__TASK DESCRIPTION__. Retype exactly what appears below from the line containing "Direction No. 7 is a powerfully" down to the line containing "关妹妹强吗?刚刚好,因为极限", keeping both end lines. Do not include pictures.

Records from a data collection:
= = = = = = =

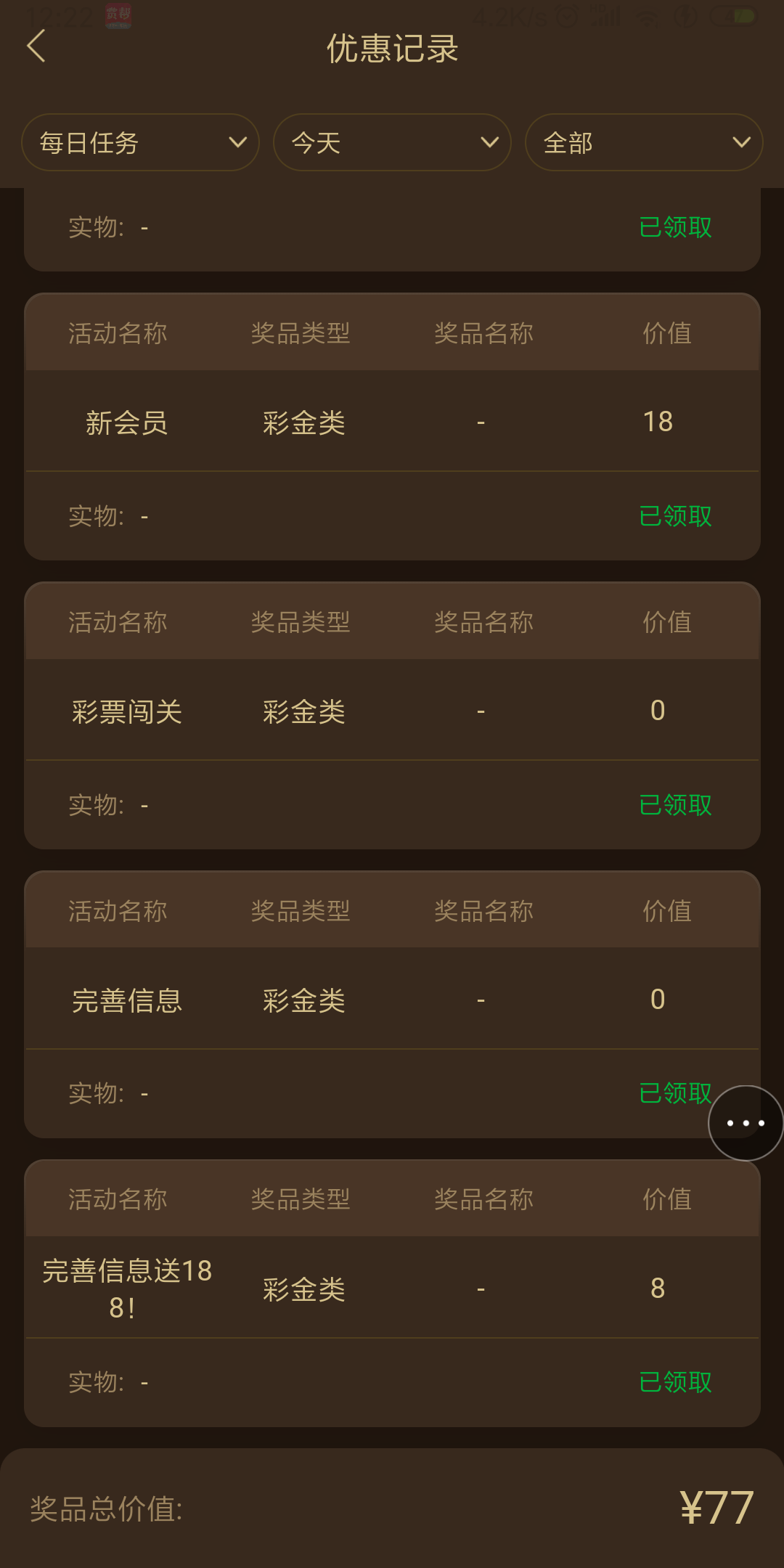 完成新人任务可领取8彩金
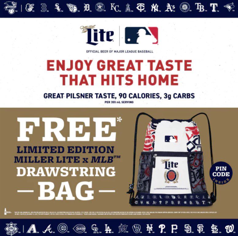 Enter now the Miller Lite x MLB Drawstring Bag Promotion, in it, you can win free Drawstring Bags.
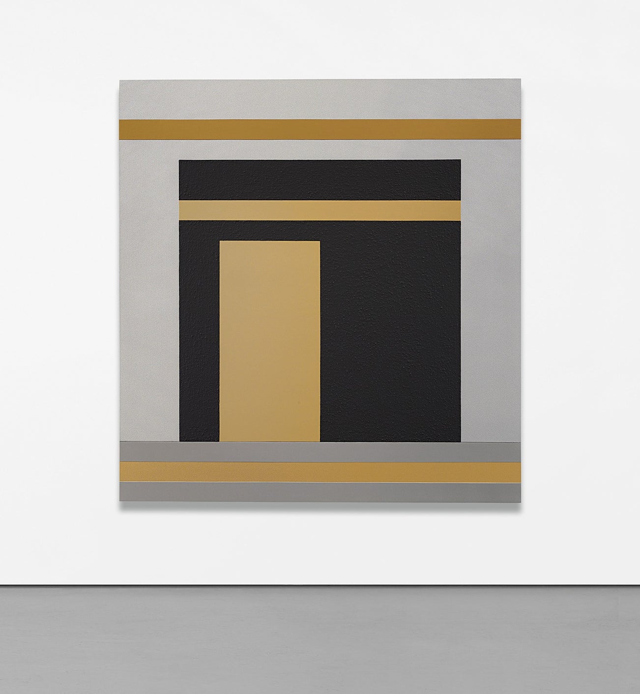 Direction No. 7 is a powerfully commanding example from Peter Halley’s Direction series, influenced by the demandingly austere authority of the Kaaba, Mecca, to which all Muslim prayer is directed. Included in the artist’s exhibition at Mottahedan Projects, Dubai, Direction No. 7 is arresting and immediate, constructed with Halley’s rigorous formal language and bold aesthetic in uniform silver, gold and black. Executed in textured Roll-a-Tex, Halley’s physical signifier and ready-made imitation of painterly impasto, Direction No.7 takes on a distinct architectural quality, intensified by the geometric, structural precision of the composition.
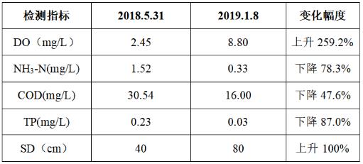 2)水質(zhì)由Ⅴ類水達到Ⅲ類水(除COD外其余指標(biāo)均達Ⅱ類及以上),各項水質(zhì)指標(biāo)得到顯著提升。LGe新型光催化網(wǎng)_水庫治理_河道治理_水生態(tài)修復(fù)_水環(huán)境治理與修復(fù)_江蘇雙良環(huán)境科技有限公司
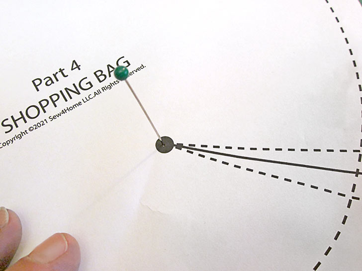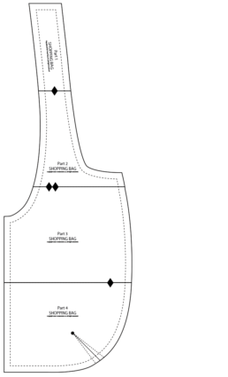 - Before you set aside all your assembled paper patterns, you need to mark the position for the bottom darts. There is a dart at the bottom of each half section, each pocket, and at the bottom left and right of the front and back lining panels. This means each tote has nine darts. You’ll get lots of practice!
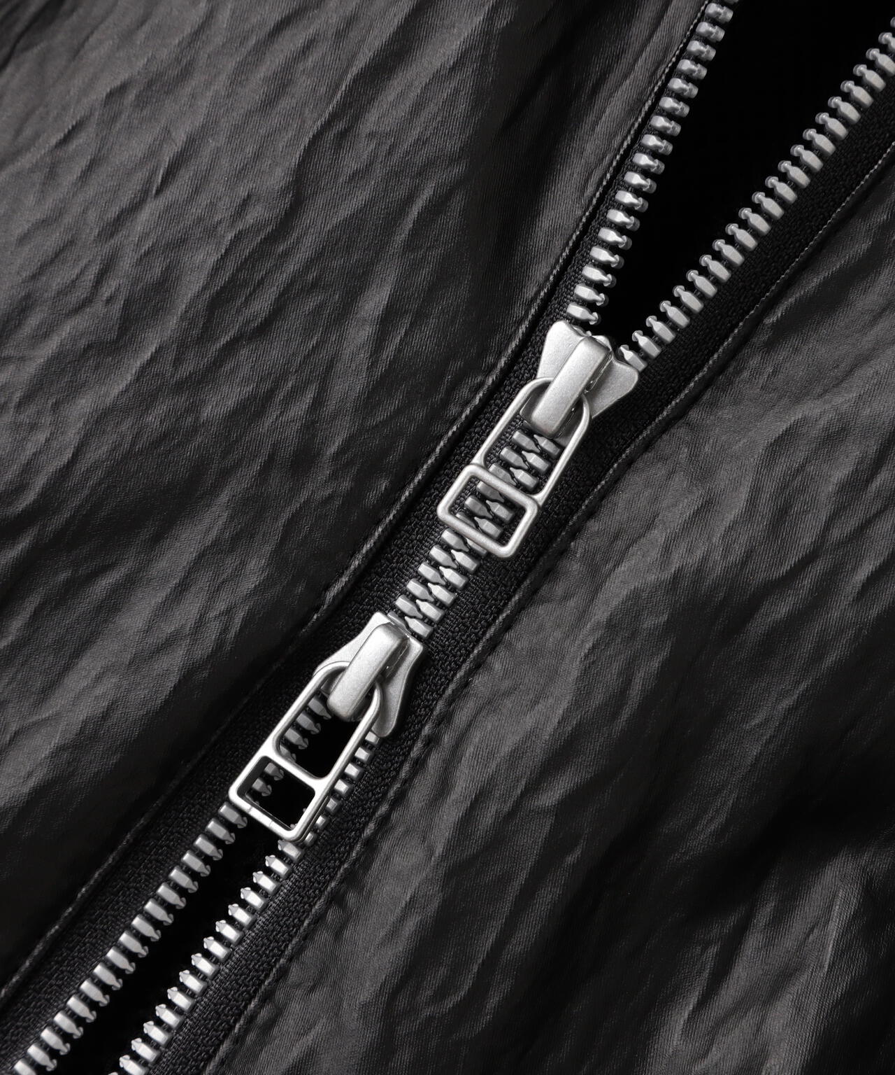 シルクのような滑らかな肌触りのテンセル素材を、ほどよい艶感を放つコーティングで仕上げたジップアップパーカー。
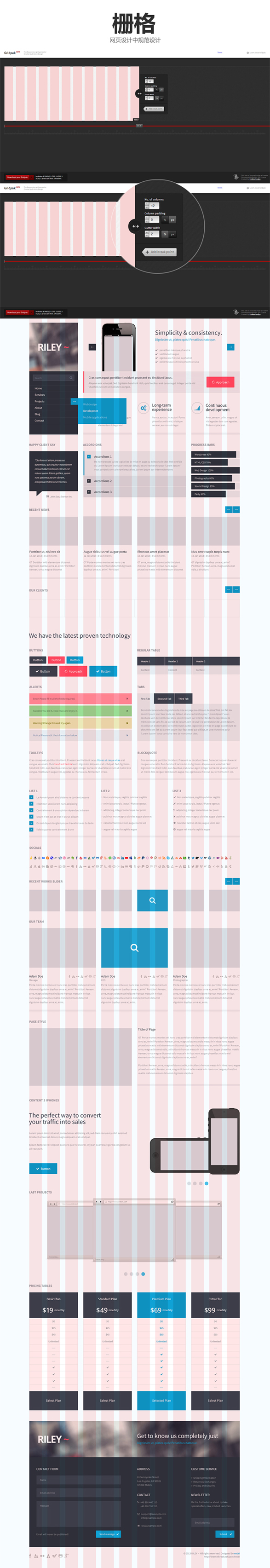 对于网页设计师来说,栅格系统的使用,能让网页信息呈现的更加美观,更加易读,亦更具可用性。而对于前端开发来说,网页也将更加的灵活与规范。 那是否每个网站都要符合栅格化系统的标准呢?栅格化会不会导致设计师的思路被框架死死限制住?尤其是企业站的设计。这是一个值得大家拿上台面来思索探讨的问题。UEHTML平台在进行网站设计的时候是没有参照栅格化系统的,只是在设计过程中做了很多细节的规范,这样建站,是不是更具灵性呢?....
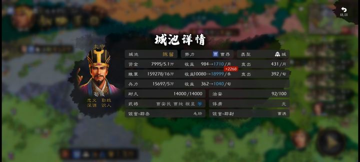 关妹妹强吗?刚刚好,因为极限难度人机像蚂蚁一样多,有用不完的钱,如果不够强何年何月能统一?我玩这种游戏有强迫症,必须最高难度,必须统一,要不然不舒服,有点后悔没带大量自建了,有自建我就不会这么累了,自建就带了个画饼王的国师,防止被挖墙脚,但即便如此依然被挖了不少,一回合+2忠诚度也可以被挖墙脚??有点离谱了!陆逊被我抓来了,野战能力一般吧,他是突然从城里出来秒了我一堆人,我还以为有多强,就是个肾
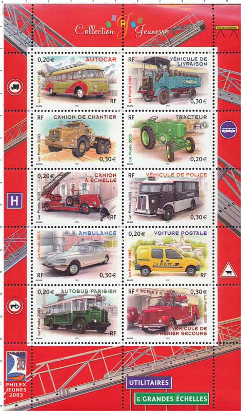 | Commentaire | UTILITAIRES & GRANDES ÉCHELLES Description synthétique du visuel du timbre : Dans la continuité des blocs précédemment émis Armada du Siècle, Voitures anciennes, les légendes du rail et Cylindrées & Carénages, le bloc Collection Jeunesse émis en 2003 met à l’honneur les véhicules utilitaires et de service : autocar (Isobloc type 648 DP 102), véhicule de livraison (Berliet 22 HP Type M), camion de chantier (Berliet T100), tracteur (Vierzon type 302), camion à échelle (Delahaye à échelle mécanique), véhicule de police (Citroën), ambulance (Heuliez & Citroën DS), voiture postale (Renault Kangoo), autobus parisien (Renault type TN6) et véhicule de premier secours (Hotchkiss type PL 50). |
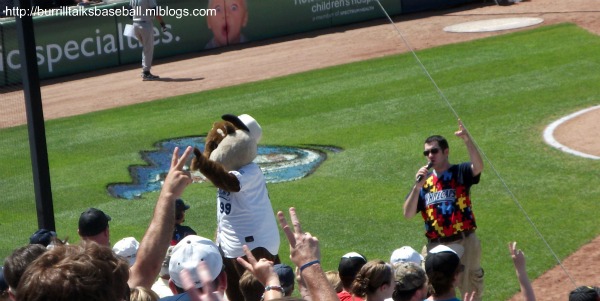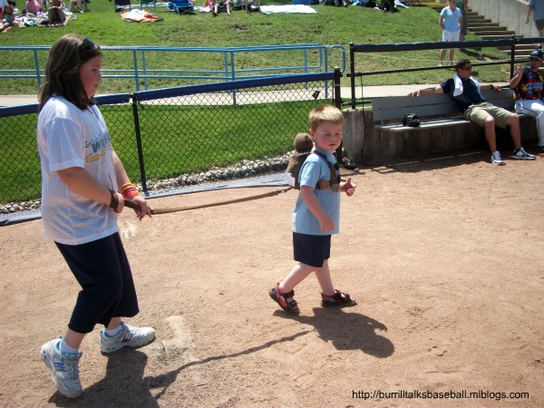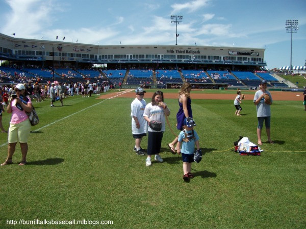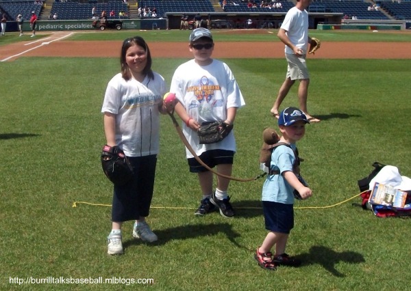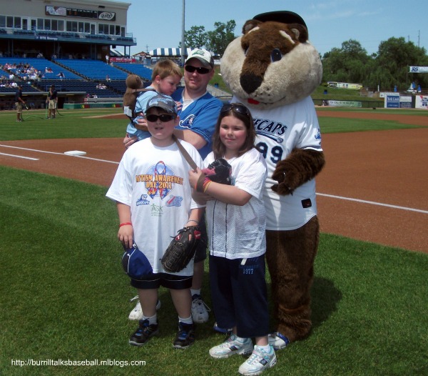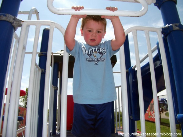 It was a beautiful day for baseball, so I packed the kids up and took the long trip back down to Grand Rapids to give Brian his first taste of Whitecaps baseball. This was a little new to him, with a bigger crowd, so I decided to get a harness so the little guy couldn’t just run off on us. He did pretty well, but wasn’t real happy that he couldn’t run free when he wanted to. A couple of the pics will show him pouting a bit, but he has happy to watch baseball, as were Lily and Trevor. I was Sunday, so we were able to get onto the field, but opted to play catch rather than stand in line for autographs. The kids liked playing catch with me and their Papa (three kids at a ballgame is tough, so I’m glad my dad was there to help out, too). It was fun to be on the field, but they wanted to play on the playground there, too, until the game started. It was pretty hot by our standards, so we ended up pouring cold water on each other and the kids had some ice cream to cool them off, too. We got seats at the very top row on the isle because I knew we’d be getting up and around a lot with the little guy. I hate it when people are constantly getting up and interrupting the game, so I wanted to show some courtesy. Even though we were higher up, there’s no bad seat in the house, and kept us out of the sun under the over hang. It was Autism Awareness day also, so the ‘Caps wore special jerseys that were auctioned off after the game. The Whitecaps’ bats were as hot as the weather, as they pounded out sixteen hits in the game. The kids were a little too tired to run the bases after the game, but we had a great time and look forward to more game together. Next month is Star Wars night, so that should give us a memorable night. Final score: Whitecaps 10, Kernels 3.
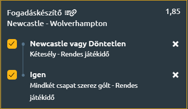 - A Wolves szintén jó formát mutat Vitor Pereira irányítása alatt, bár a kiesőzóna szélén helyezkednek el. Az FA-kupában továbbjutottak a Bristol City ellen, és a bajnokságban idegenben három meccse veretlenek, mindegyiken legalább két gólt szerezve. Ugyanakkor a védelmük továbbra is a Premier League leggyengébbje, 45 kapott góllal. A Newcastle támadópotenciálja és hazai pályán nyújtott stabil teljesítménye miatt esélyesebb a győzelemre. Bár a Wolves Cunha visszatérésével erősödik, gyenge védelmük és a Newcastle lendülete megnehezíti a dolgukat. Szoros mérkőzésre számíthatunk, ahol nem kap ki a Newcastle és mindkét gárda betalál majd.
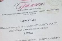 Управлением образования исполнительного комитета города Казань была вручена грамота нашей школьной газете "Школьник №23" за 2 место в номинации "Здорово живем" городского конкурса детской и юношеской прессы "Без права на ошибку". Молодцы, ребята!
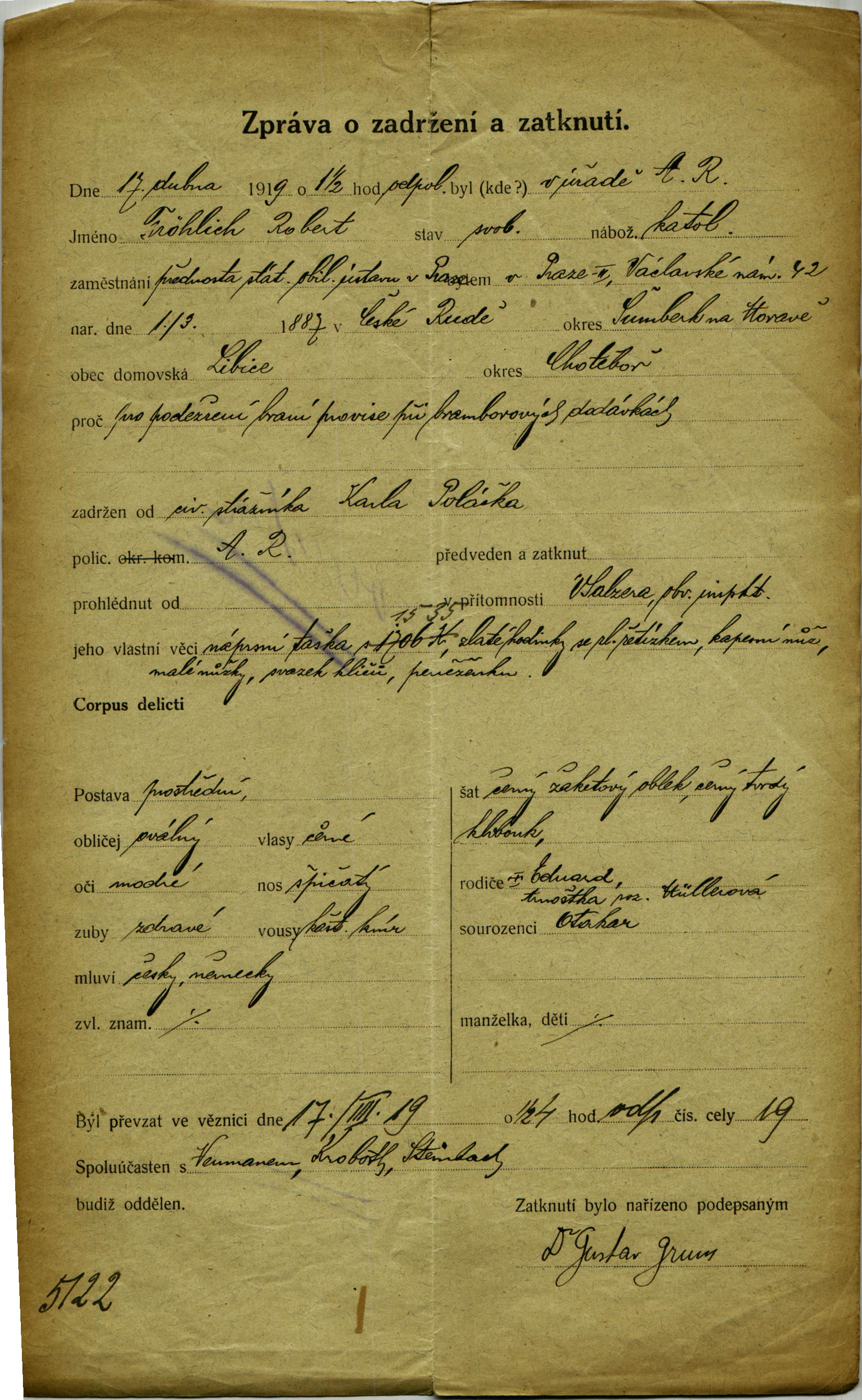 Fröhlich Robert: Arrest protocol
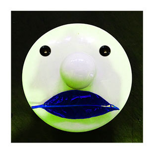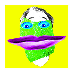 着ぐるみのマスクを脱いでポーズをとる自画像
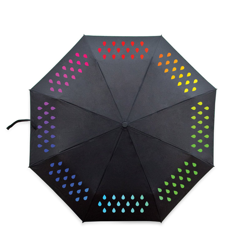 Achei esse guarda-chuva simplesmente fantástico. As gotas que fazem parte da estampa são, primeiramente, branca, mas começam a mudar para as cores do arco-íris enquanto a chuva cai. Incrível, né?
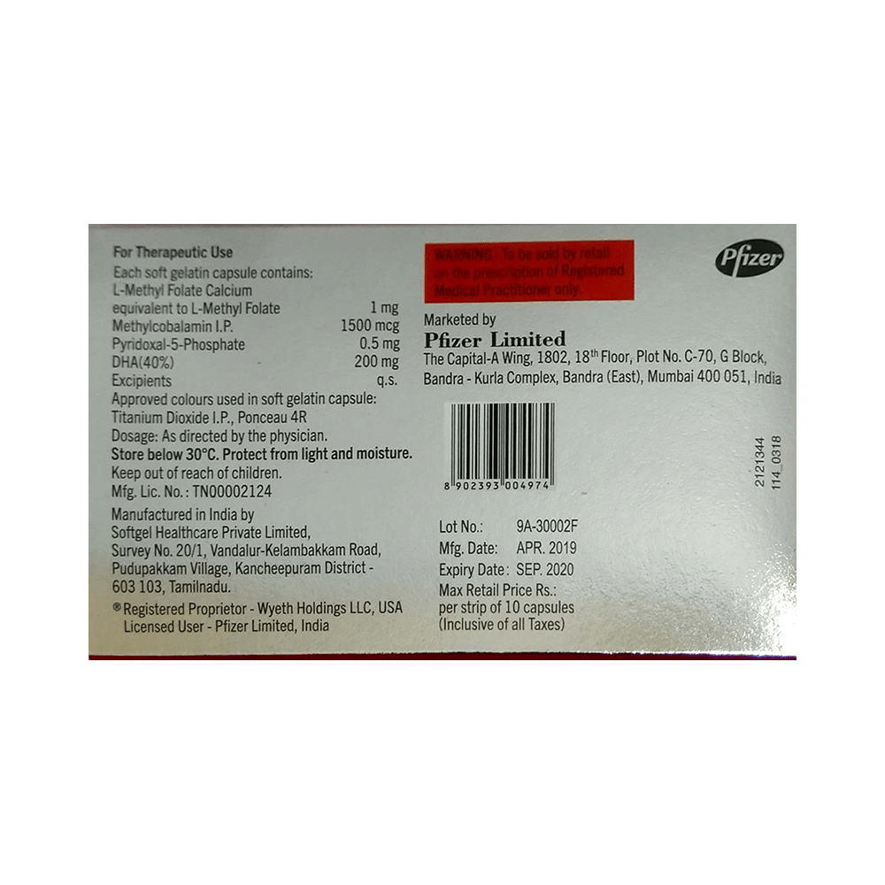Salt Composition: Docosahexanoic acid(DHA) (200mg) + Pyridoxal-5-phosphate (0.5mg) + Methylcobalamin (1500mcg) + L-Methyl Folate (1mg)

= = = = = = =

__TASK RESPONSE__.
 Direction No. 7 is a powerfully commanding example from Peter Halley’s Direction series, influenced by the demandingly austere authority of the Kaaba, Mecca, to which all Muslim prayer is directed. Included in the artist’s exhibition at Mottahedan Projects, Dubai, Direction No. 7 is arresting and immediate, constructed with Halley’s rigorous formal language and bold aesthetic in uniform silver, gold and black. Executed in textured Roll-a-Tex, Halley’s physical signifier and ready-made imitation of painterly impasto, Direction No.7 takes on a distinct architectural quality, intensified by the geometric, structural precision of the composition.
 2)水質(zhì)由Ⅴ類水達到Ⅲ類水(除COD外其余指標(biāo)均達Ⅱ類及以上),各項水質(zhì)指標(biāo)得到顯著提升。LGe新型光催化網(wǎng)_水庫治理_河道治理_水生態(tài)修復(fù)_水環(huán)境治理與修復(fù)_江蘇雙良環(huán)境科技有限公司
 - Before you set aside all your assembled paper patterns, you need to mark the position for the bottom darts. There is a dart at the bottom of each half section, each pocket, and at the bottom left and right of the front and back lining panels. This means each tote has nine darts. You’ll get lots of practice!
 シルクのような滑らかな肌触りのテンセル素材を、ほどよい艶感を放つコーティングで仕上げたジップアップパーカー。
 对于网页设计师来说,栅格系统的使用,能让网页信息呈现的更加美观,更加易读,亦更具可用性。而对于前端开发来说,网页也将更加的灵活与规范。 那是否每个网站都要符合栅格化系统的标准呢?栅格化会不会导致设计师的思路被框架死死限制住?尤其是企业站的设计。这是一个值得大家拿上台面来思索探讨的问题。UEHTML平台在进行网站设计的时候是没有参照栅格化系统的,只是在设计过程中做了很多细节的规范,这样建站,是不是更具灵性呢?....
 关妹妹强吗?刚刚好,因为极限难度人机像蚂蚁一样多,有用不完的钱,如果不够强何年何月能统一?我玩这种游戏有强迫症,必须最高难度,必须统一,要不然不舒服,有点后悔没带大量自建了,有自建我就不会这么累了,自建就带了个画饼王的国师,防止被挖墙脚,但即便如此依然被挖了不少,一回合+2忠诚度也可以被挖墙脚??有点离谱了!陆逊被我抓来了,野战能力一般吧,他是突然从城里出来秒了我一堆人,我还以为有多强,就是个肾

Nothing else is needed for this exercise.